RuntimeError: Trying to backward through the graph a second time (or directly access saved variables after they have already been freed). Saved intermediate values of the graph are freed when you call .backward() or autograd.grad(). Specify retain_graph=True if you need to backward through the graph a second time or if you need to access saved variables after calling backward.
Simply put, the problem is that a variable with gradient information is executed once , The gradient information is released by the computational graph , Our code tries to access these variables during the second back propagation ( Gradient information ).
Catalog
reason
Everyone may have different reasons .
The reason I am here is to Embedding Written outside the training model cycle .
Here is my error code , This is the first code example .

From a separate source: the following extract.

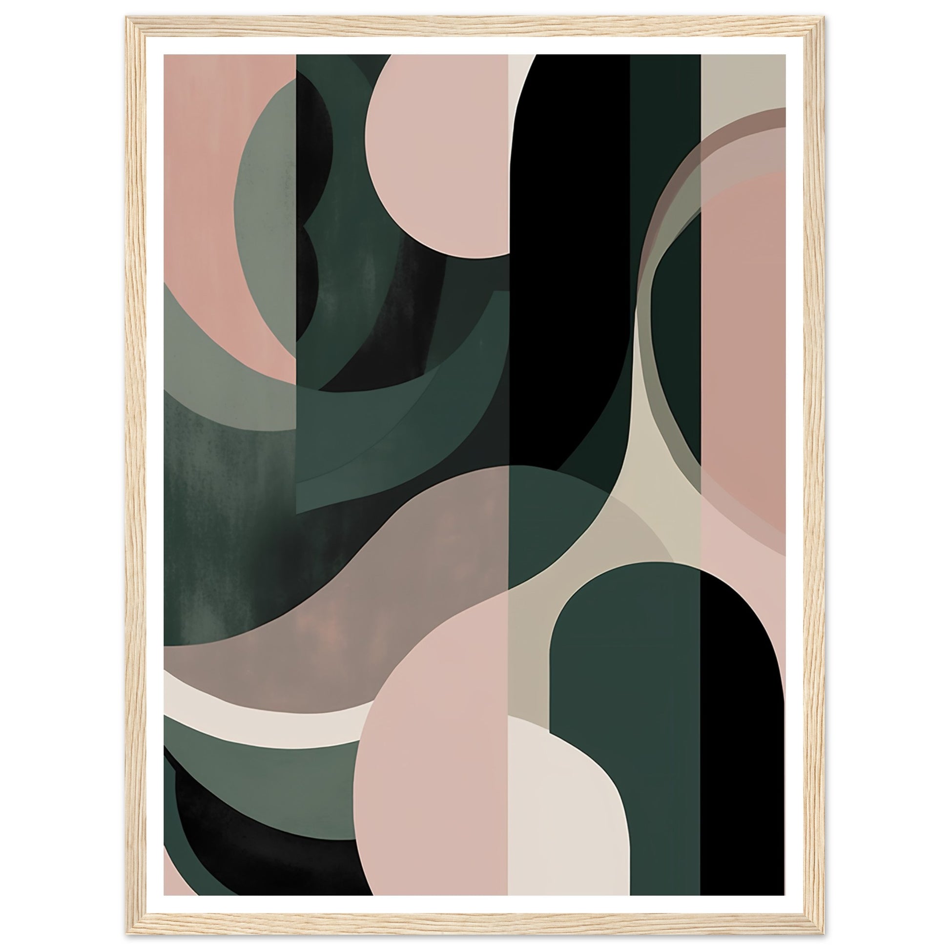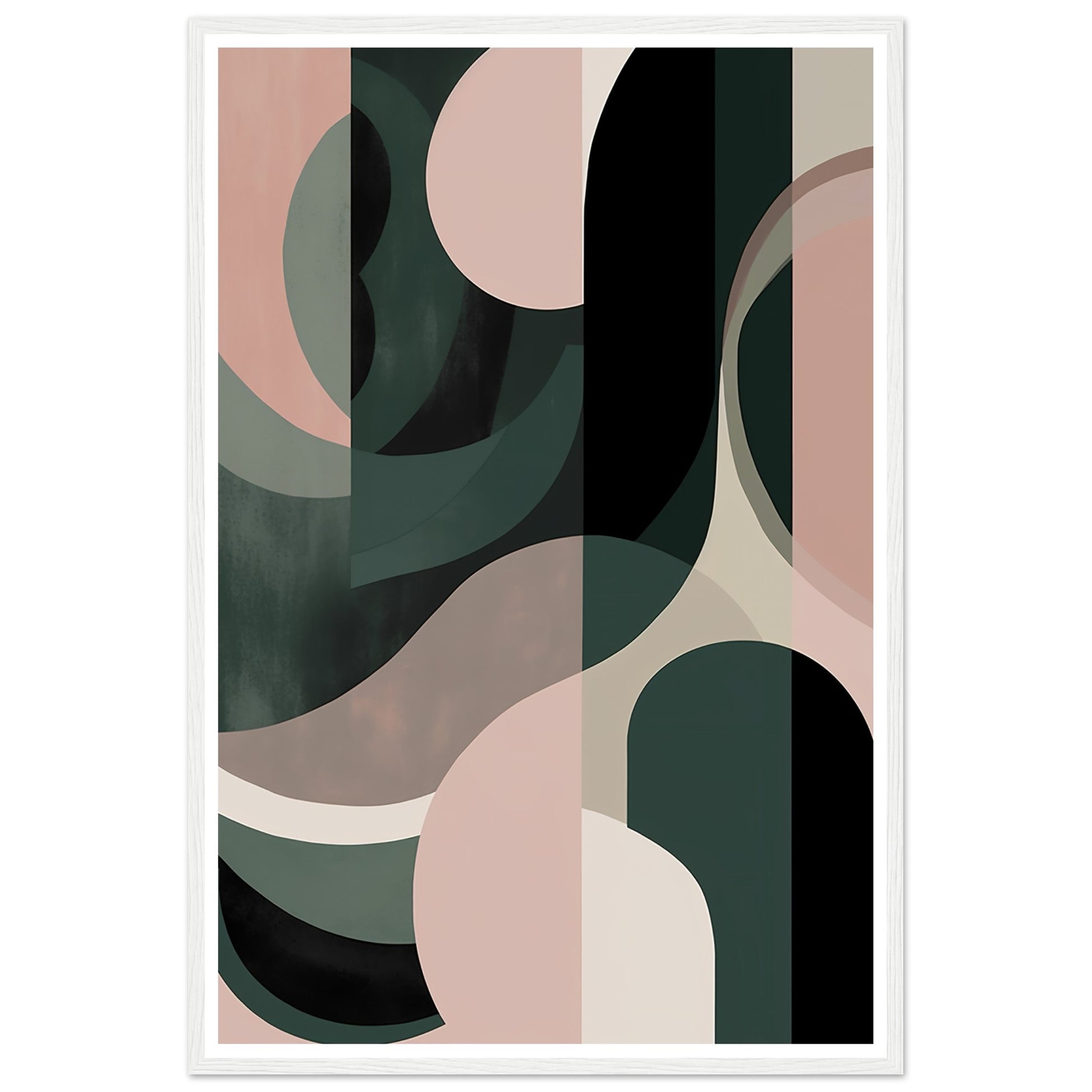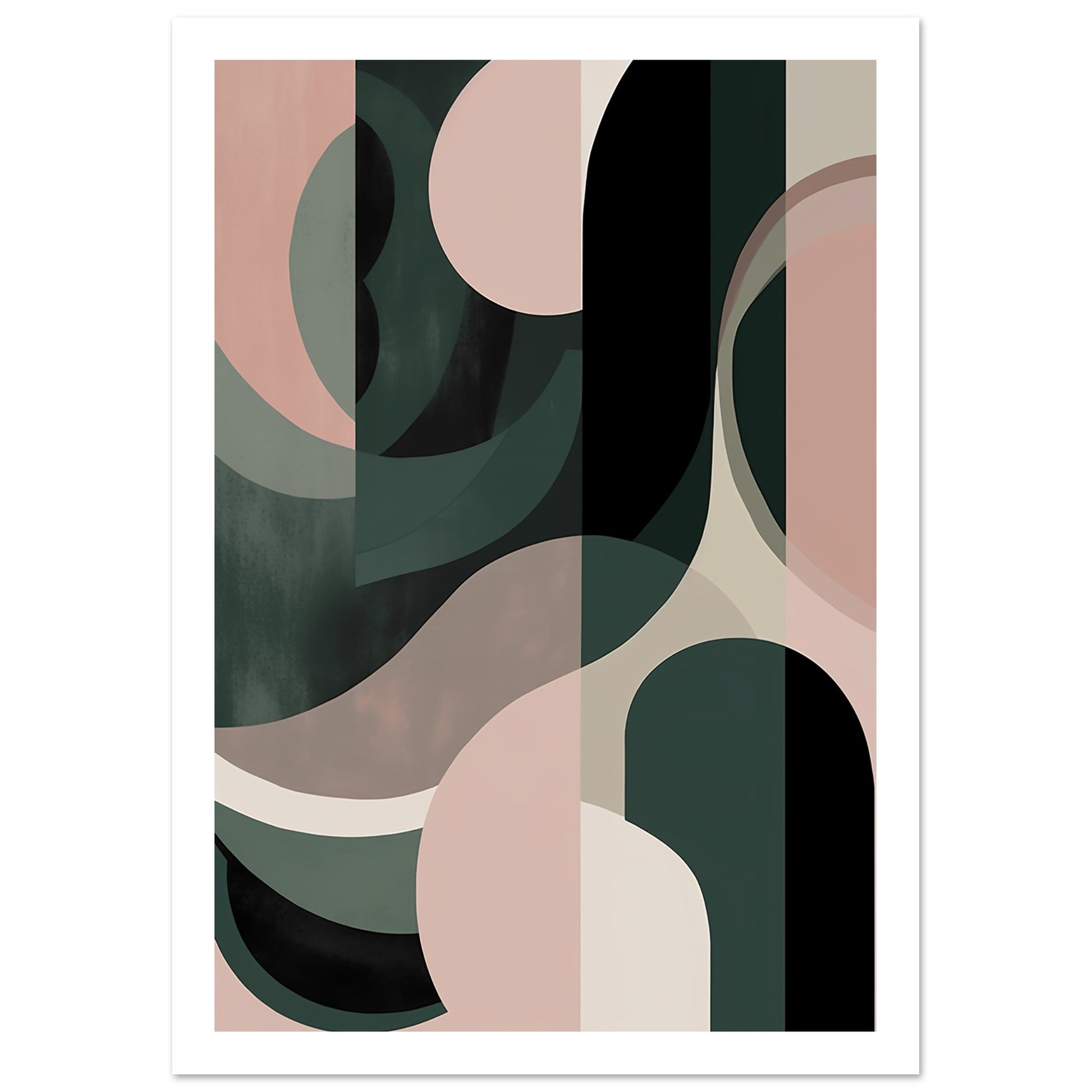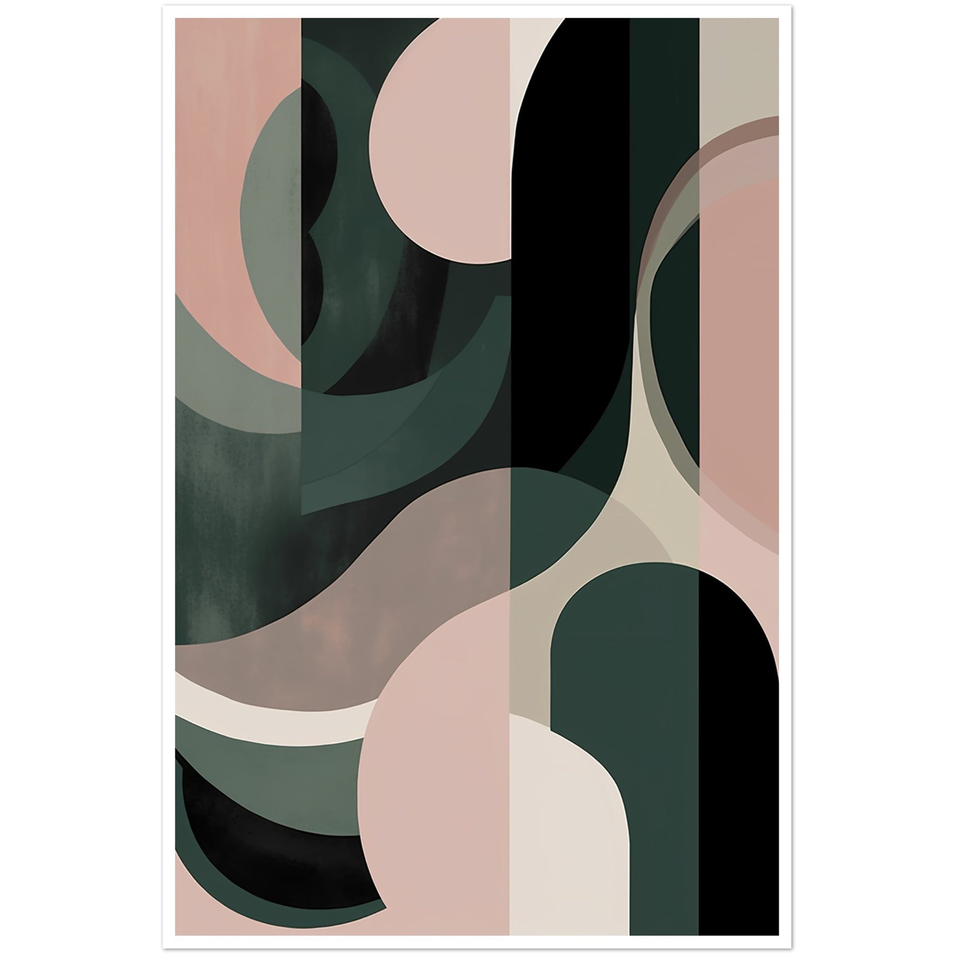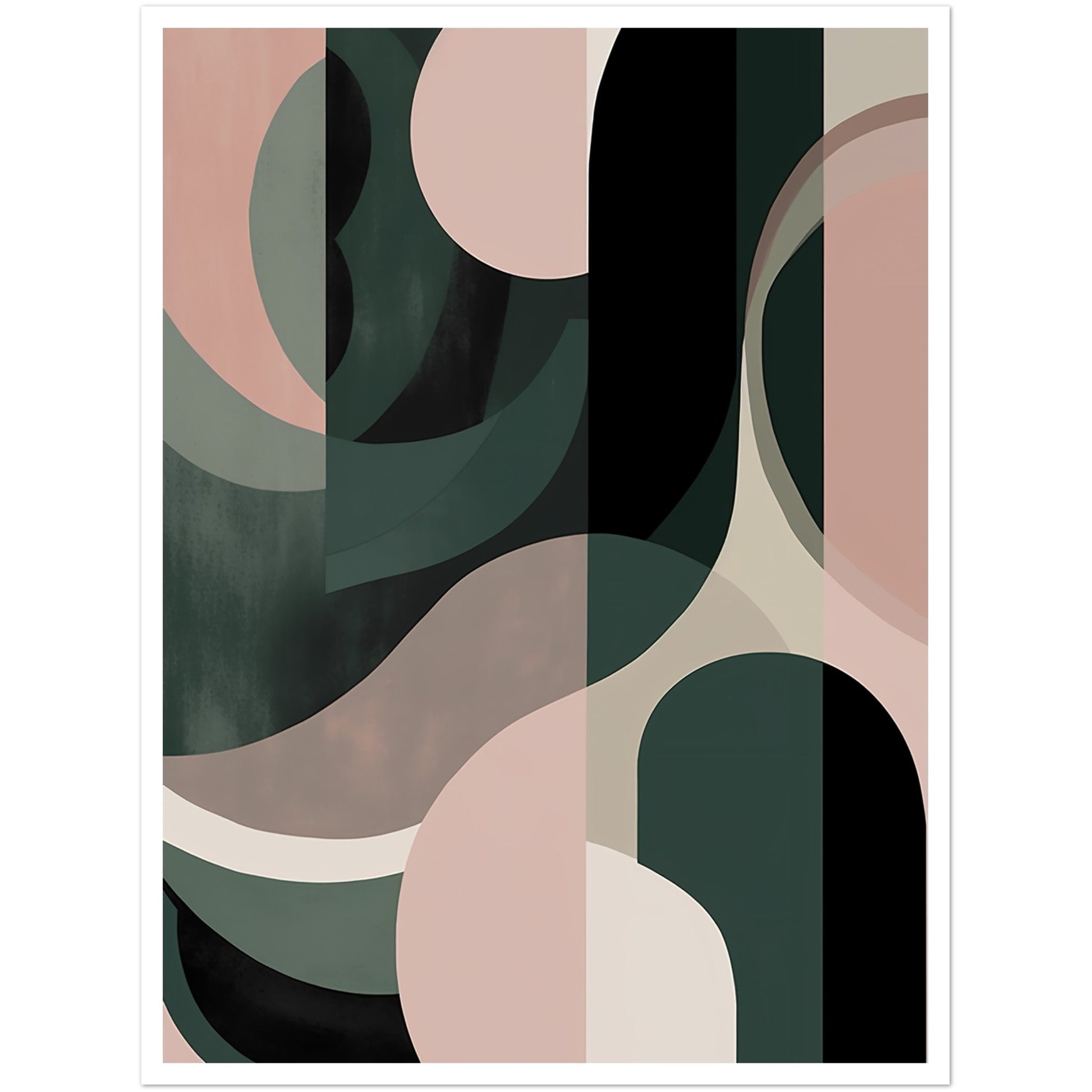 Serene light pink and dark green hues create a muted colorscape, harmonizing with curvilinear and symmetrical shapes. This artwork embodies a sense of calm and balance, inviting viewers into a world of tranquility.

You can see that the whole dictionary is first Embedding To train again , The above error will appear .
net = nn.Linear(32, 2)
Loss = nn.CrossEntropyLoss()
sample = torch.tensor([[1, 2, 3, 3],
[3, 2, 1, 5],
[4, 5, 9, 3]])
target = torch.ones((12,)).to(torch.long) # The category of each word
print(sample)
embedding = nn.Embedding(10, 32)
embed_sample = embedding(sample) # torch.Size([3, 4, 32])
net.train()
optimizer = torch.optim.Adam(net.parameters(), lr=1e-3)
for i in range(100):
pred = net(embed_sample) # torch.Size([3, 4, 2])
pred = pred.reshape(-1, 2) # torch.Size([12, 2])
loss = Loss(pred, target) # Calculate the loss
optimizer.zero_grad() # Zero gradient
loss.backward() # Back propagation
optimizer.step() # Update gradient
print(i+1, loss)
# Output
---------------------------------------------------------------------------
1 tensor(0.7125, grad_fn=<NllLossBackward>)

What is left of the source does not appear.